## Given information:

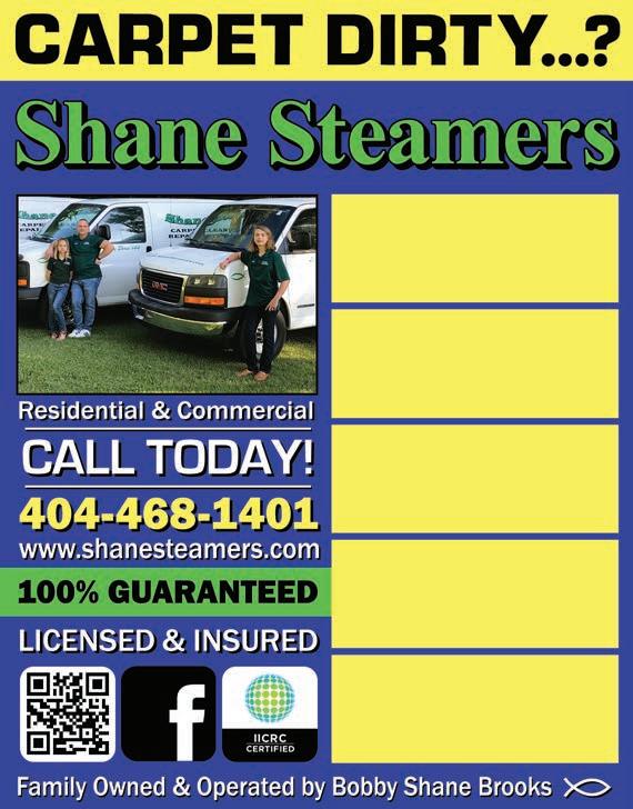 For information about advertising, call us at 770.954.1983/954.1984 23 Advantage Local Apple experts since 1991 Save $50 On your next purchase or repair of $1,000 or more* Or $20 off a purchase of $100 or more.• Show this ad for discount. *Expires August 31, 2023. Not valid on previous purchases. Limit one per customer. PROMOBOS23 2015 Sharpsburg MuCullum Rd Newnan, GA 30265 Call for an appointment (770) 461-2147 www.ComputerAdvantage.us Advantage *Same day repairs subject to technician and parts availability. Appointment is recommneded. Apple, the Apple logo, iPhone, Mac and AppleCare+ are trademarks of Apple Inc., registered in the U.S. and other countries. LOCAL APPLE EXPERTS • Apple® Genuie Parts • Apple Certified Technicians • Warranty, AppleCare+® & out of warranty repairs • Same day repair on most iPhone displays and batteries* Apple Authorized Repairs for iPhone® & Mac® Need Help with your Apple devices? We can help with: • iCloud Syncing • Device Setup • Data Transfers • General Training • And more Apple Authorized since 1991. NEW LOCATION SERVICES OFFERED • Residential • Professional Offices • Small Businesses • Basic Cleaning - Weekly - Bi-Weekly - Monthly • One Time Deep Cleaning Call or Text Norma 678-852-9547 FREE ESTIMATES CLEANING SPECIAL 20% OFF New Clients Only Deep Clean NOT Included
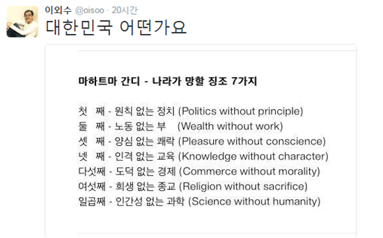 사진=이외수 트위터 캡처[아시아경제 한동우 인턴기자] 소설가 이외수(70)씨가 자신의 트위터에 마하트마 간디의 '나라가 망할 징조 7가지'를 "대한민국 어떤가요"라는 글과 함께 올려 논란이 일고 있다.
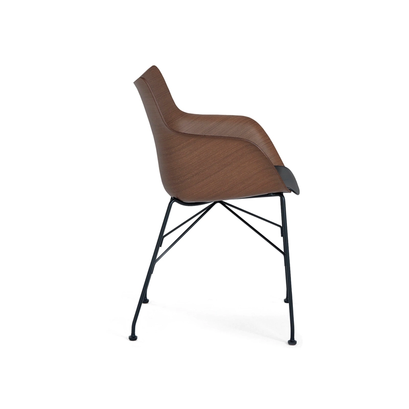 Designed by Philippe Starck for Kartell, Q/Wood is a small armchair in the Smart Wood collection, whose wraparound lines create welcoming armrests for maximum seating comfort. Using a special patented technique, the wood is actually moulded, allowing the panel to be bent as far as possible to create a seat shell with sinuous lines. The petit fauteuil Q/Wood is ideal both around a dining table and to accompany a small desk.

## What you should do:
Give back the full listing verbatim, skipping each picture.

## Task solution:
 For information about advertising, call us at 770.954.1983/954.1984 23 Advantage Local Apple experts since 1991 Save $50 On your next purchase or repair of $1,000 or more* Or $20 off a purchase of $100 or more.• Show this ad for discount. *Expires August 31, 2023. Not valid on previous purchases. Limit one per customer. PROMOBOS23 2015 Sharpsburg MuCullum Rd Newnan, GA 30265 Call for an appointment (770) 461-2147 www.ComputerAdvantage.us Advantage *Same day repairs subject to technician and parts availability. Appointment is recommneded. Apple, the Apple logo, iPhone, Mac and AppleCare+ are trademarks of Apple Inc., registered in the U.S. and other countries. LOCAL APPLE EXPERTS • Apple® Genuie Parts • Apple Certified Technicians • Warranty, AppleCare+® & out of warranty repairs • Same day repair on most iPhone displays and batteries* Apple Authorized Repairs for iPhone® & Mac® Need Help with your Apple devices? We can help with: • iCloud Syncing • Device Setup • Data Transfers • General Training • And more Apple Authorized since 1991. NEW LOCATION SERVICES OFFERED • Residential • Professional Offices • Small Businesses • Basic Cleaning - Weekly - Bi-Weekly - Monthly • One Time Deep Cleaning Call or Text Norma 678-852-9547 FREE ESTIMATES CLEANING SPECIAL 20% OFF New Clients Only Deep Clean NOT Included
 사진=이외수 트위터 캡처[아시아경제 한동우 인턴기자] 소설가 이외수(70)씨가 자신의 트위터에 마하트마 간디의 '나라가 망할 징조 7가지'를 "대한민국 어떤가요"라는 글과 함께 올려 논란이 일고 있다.
 Designed by Philippe Starck for Kartell, Q/Wood is a small armchair in the Smart Wood collection, whose wraparound lines create welcoming armrests for maximum seating comfort. Using a special patented technique, the wood is actually moulded, allowing the panel to be bent as far as possible to create a seat shell with sinuous lines. The petit fauteuil Q/Wood is ideal both around a dining table and to accompany a small desk.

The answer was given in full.